Bu hamle sosyal medyada büyük tepki toplarken, Habertürk yazarı Fatih Altaylı da durumu bugünkü köşe yazısına taşıdı.
Yaşanan hadiseyi tekrar hatırlatan Altaylı, Cumhurbaşkanı ve AKP Genel Başkanı'nı ima ederek "Bu kriz 1996 senesinde olsaydı dönemin İBB ve ABB başkanları nasıl bir tutum sergilerdi" diye sordu.
Altaylı, şu ifadeleri kullandı:
"KİMSE HUKUKU VE MANTIĞI ARAMIYOR"
Belediyeleri ya da mahalli idareleri “Devletin dışına çıkarmak” ilginç bir yaklaşım oldu. Anayasa’yı okuduğum zaman bana sanki belediyeler de “Devletin organlarından biri imiş” gibi geliyor.

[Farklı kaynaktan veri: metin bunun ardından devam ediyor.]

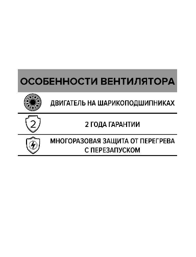 | Дополнительная информация | Двигатель на шарикоподшипниках; многоразовая защита от перегрева с перезапуском |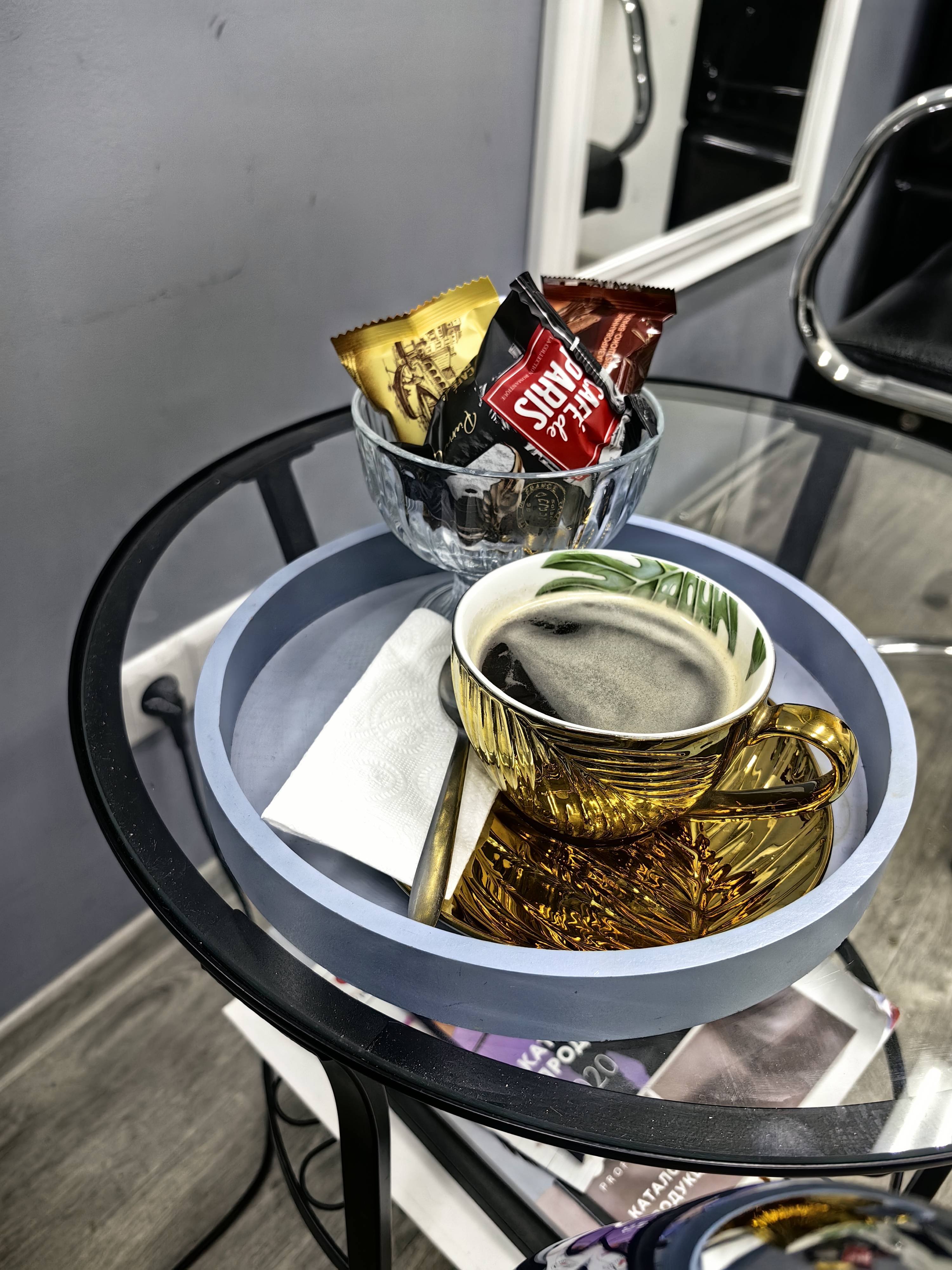 Внутри салона красиво, стильный интерьер. Т.к окрашивание занимает длительное время, мне принесли вкусный кофе и 4 большие канфеты, что было очень кстати! Такие мелочи показывают уровень!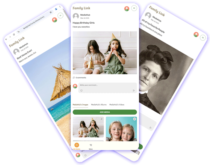 A secure hub for storing and sharing family photos, including vintage images..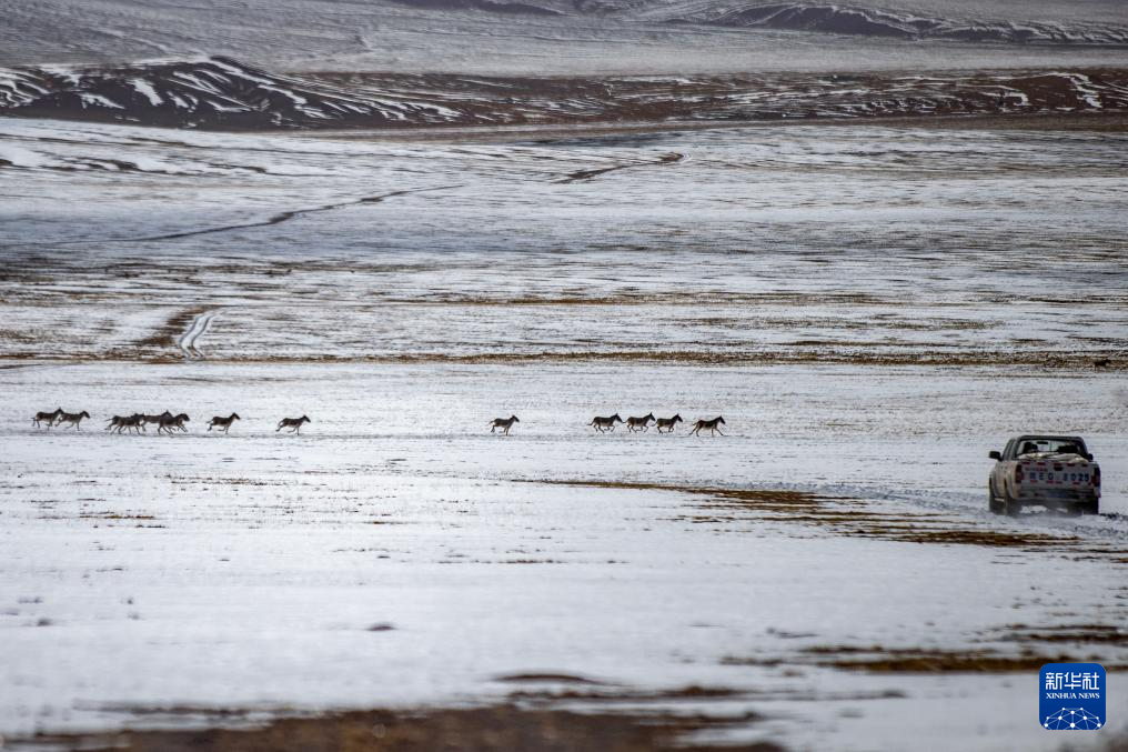 成群的藏野驢從野生動物專業(yè)管護隊員們的車前跑過(5月9日攝)。新華社記者 姜帆 攝 ??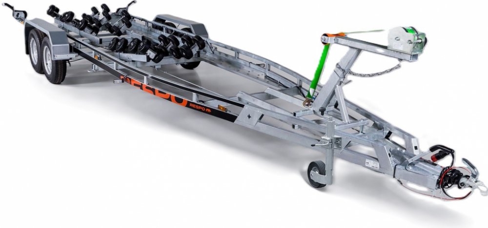 Vysoce odolný, bržděný, víceválcový přepravník lodí RESPO 2700V802 Multiroller. Samoregulační systém 36 válců zajišťuje plynulé a bezpečné nakládání i vykládání lodi. Přívěs RESPO V802 s žárově zinkovaným rámem, odolnými stupňovitými blatníky s povrchovou úpravou Magnelis®, boční pochozí zinkovanou lávkou, je osazen dvěma nastavitelnými torzními nápravami. Manuální naviják s bezpečnostním řetěz...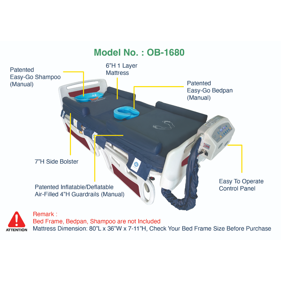 More than just a medical mattress, the OB-1650 is a comprehensive pressure ulcer prevention system. Often described as the “Rolls-Royce” of pressure relief mattresses, it provides optimized pressure redistribution, enhanced circulation support, and long-term durability. Ideal for hospitals, long-term care facilities, and home healthcare, the OB-1650 sets a new benchmark in pressure injury prevention and patient-centered care.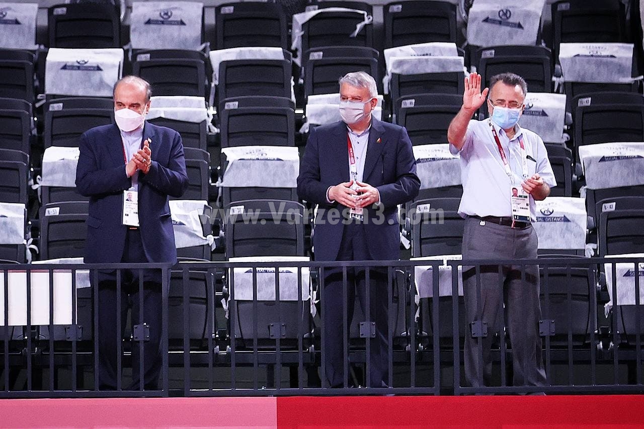 مسعود سلطانیفر وزیر ورزش و جوانان با همراهی سیدرضا صالحی امیری رئیس کمیته ملی المپیک و محمدرضا داورزنی رئیس فدراسیون والیبال از نزدیک مسابقه شاگردان آلکنو را تماشا کردند و نظارهگر پیروزی ملیپوشان والیبال ایران بودند و در پایان مسابقه نیز بابت نمایش خوبی تیم ملی والیبال ایران، به ملیپوشان خسته نباشید و خداقوت گفتند.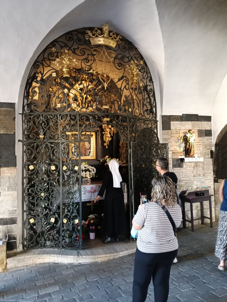 Subiendo por la empinada calle Radićeva, repleta de tiendas de recuerdos y artesanía, llegarás en pocos minutos a la Puerta de Piedra (Kamenita Vrata) en croata), puerta de entrada a la Ciudad Alta y uno de los lugares que ver en Zagreb más sorprendentes.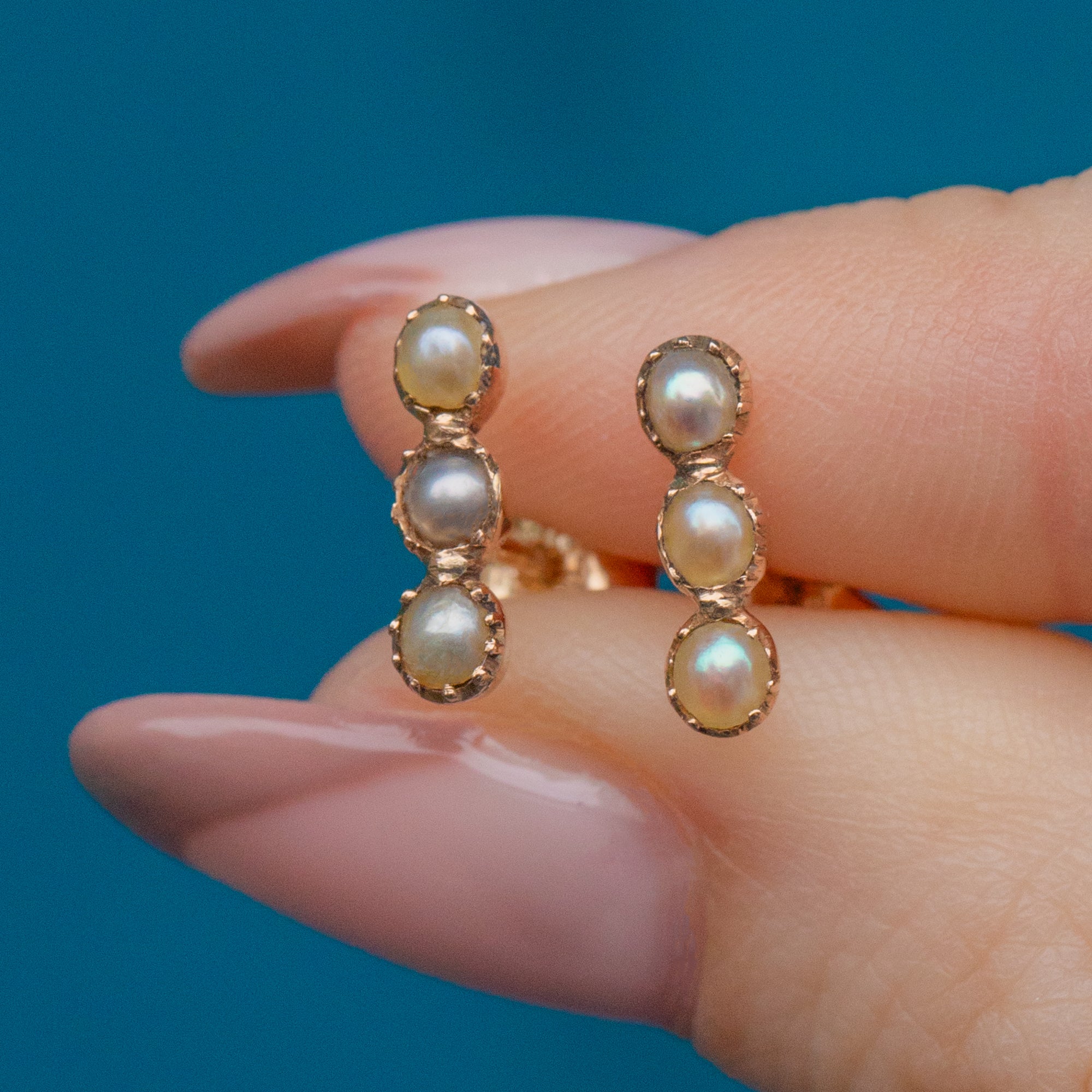 Each Victorian stud earring features three lustrous Pearls, each with a rich natural glow, set within buttery 9ct yellow Gold settings, creating a timeless and sophisticated pair.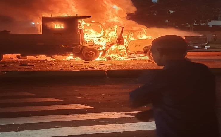 Medios locales reseñan que un camión de plataforma se estrelló contra una camioneta a pocos metros de la Clínica Humana y luego ambos vehículos se incendiaron del impacto.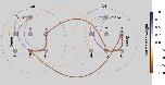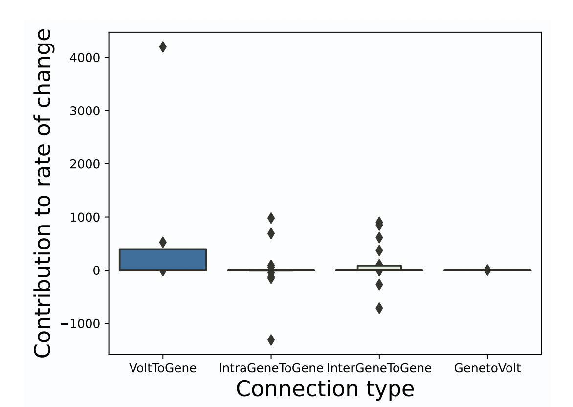 Figure 3. Architecture of the chosen high-performing model Depicted here is the connectivity of a two-cell version of the full model; the rest of the network is symmetrical to this version (full model parameters described in Tables S1–S8). For clarity, we show only about 20% of the strongest connections (10% of the most positive in purple and 10% of the most negative in orange/brown); edge weights are linearly normalized to the range (−1, 1). The most prominent connections run from the voltage to gene 5 (purple), with a positive weight, and among genes 3 and 5 both within a cell and between cells (brown), with a negative weight. Connections running from genes to voltage do exist in the full model, but they were filtered out due to their weak weights. |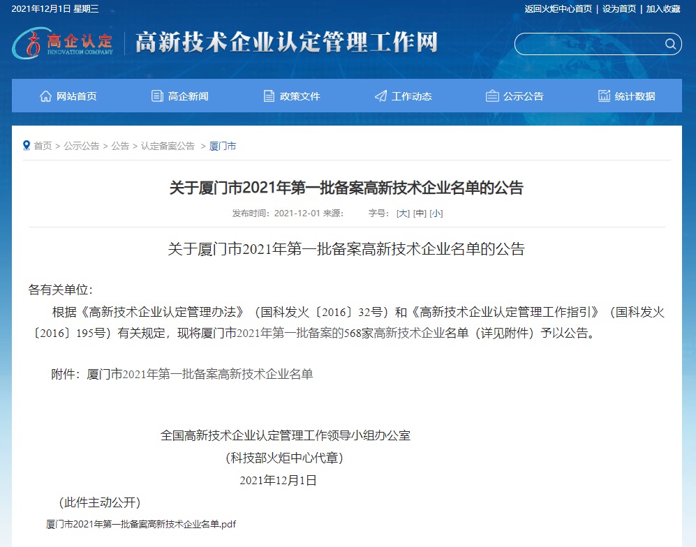 自接到廈門市科技局發(fā)出的高新技術企業(yè)申報通知后,廈門快普踴躍報名,積極配合申報工作,認真準備申報材料。經合規(guī)性審查、專家評審、市高新技術企業(yè)認定管理辦公室聯(lián)合審核,廈門市上報的第一批備案國家級高企名單在國家高新技術企業(yè)認定管理工作網上公示,廈門快普憑借穩(wěn)健的經營表現和先進的技術實力位列榜單,并獲得正式批復!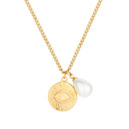 18K Gold-Plated Starfish & Evil Eye Pearl Pendant Necklace Set | Stainless Steel Coastal Jewelry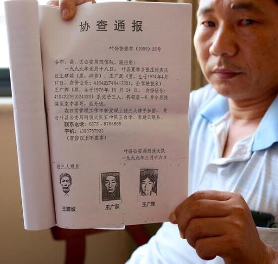 當(dāng)年被通緝的幾個(gè)人,被認(rèn)定嫌疑最大的王某躍至今未歸案。村民推斷,一個(gè)人較難完成殺人、埋尸、抬柜子掩藏。而且,葉縣警方信息顯示,王某躍患有精神疾病。不久后,公安局下發(fā)了協(xié)查通報(bào)稱(chēng),王某坡、王某躍、王某輝系父子三人,“將鄰居一6歲小男孩騙至家中害死,后外逃?!?/p>

Belediyelerin veya yerel yönetimlerin yardım toplamasını engellemeye çalışan Hükümet tarafı ise farklı argümanlar öne sürüyor.
Her şeyde olduğu gibi burada da bölünme söz konusu.
Kimse hukuku, mantığı, doğruyu arama peşinde değil.
Herkes kendi tuttuğu tarafın haklı olduğunu söylüyor.
Diğer taraf ise sert eleştiriler ve hatta hakaretler yöneltiyor.
Ben hukukçu değilim.
Bununla ilgili net bir şey söylemem, “Şu taraf haklı” demem mümkün değil.
"BU SALGIN 1996'DA OLSAYDI NE OLACAKTI?"
Ama bir soru sormam mümkün.
Diyelim ki, bu corona krizi veya benzeri bir kriz 1996 senesinde olsaydı...
O günkü İstanbul Büyükşehir Belediyesi ve Ankara Büyükşehir Belediyesi yardım toplamak için bir hesap açsalardı...
Ve başka bir partiden olan iktidar tarafı bu hesaptaki paraları bloke ettirip, belediyelerin böyle bir hakkı olmadığını ilan etse ve belediyelerin devlet içinde ikilik yarattığını söyleseydi...
O günkü İstanbul Büyükşehir Belediye Başkanı ve Ankara Büyükşehir Belediye Başkanı ne derdi?
Bu sorunun “samimi” yanıtı doğrunun ne olduğunu gösterecektir.